● **Source information**
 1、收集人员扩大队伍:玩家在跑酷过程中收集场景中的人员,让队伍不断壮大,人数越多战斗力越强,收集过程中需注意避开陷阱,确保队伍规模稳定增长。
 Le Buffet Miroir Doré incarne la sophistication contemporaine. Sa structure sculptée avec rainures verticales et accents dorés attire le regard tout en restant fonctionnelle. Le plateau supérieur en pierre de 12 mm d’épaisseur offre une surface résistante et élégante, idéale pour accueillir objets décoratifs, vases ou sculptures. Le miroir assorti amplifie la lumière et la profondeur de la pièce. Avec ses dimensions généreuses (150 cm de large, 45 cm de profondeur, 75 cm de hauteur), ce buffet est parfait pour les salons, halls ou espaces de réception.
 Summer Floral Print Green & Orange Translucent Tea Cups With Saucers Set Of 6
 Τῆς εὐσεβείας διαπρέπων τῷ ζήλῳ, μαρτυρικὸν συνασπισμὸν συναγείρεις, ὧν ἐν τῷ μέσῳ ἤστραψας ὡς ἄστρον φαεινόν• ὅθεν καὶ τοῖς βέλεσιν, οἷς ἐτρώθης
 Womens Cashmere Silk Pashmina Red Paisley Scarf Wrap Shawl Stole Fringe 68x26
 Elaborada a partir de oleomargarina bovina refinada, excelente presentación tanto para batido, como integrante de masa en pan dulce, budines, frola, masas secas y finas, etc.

* * *

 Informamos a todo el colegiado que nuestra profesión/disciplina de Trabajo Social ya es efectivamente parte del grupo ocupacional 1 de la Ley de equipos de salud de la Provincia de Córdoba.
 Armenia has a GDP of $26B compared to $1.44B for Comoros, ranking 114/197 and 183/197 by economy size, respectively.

● **Aim of the task**
Among the entries above, the lines between the ones containing "Τῆς εὐσεβείας διαπρέπων" and "Elaborada a partir", inclusive, are to be transcribed exactly. No other line is to be given.

● **Answer to the problem**
 Τῆς εὐσεβείας διαπρέπων τῷ ζήλῳ, μαρτυρικὸν συνασπισμὸν συναγείρεις, ὧν ἐν τῷ μέσῳ ἤστραψας ὡς ἄστρον φαεινόν• ὅθεν καὶ τοῖς βέλεσιν, οἷς ἐτρώθης
 Womens Cashmere Silk Pashmina Red Paisley Scarf Wrap Shawl Stole Fringe 68x26
 Elaborada a partir de oleomargarina bovina refinada, excelente presentación tanto para batido, como integrante de masa en pan dulce, budines, frola, masas secas y finas, etc.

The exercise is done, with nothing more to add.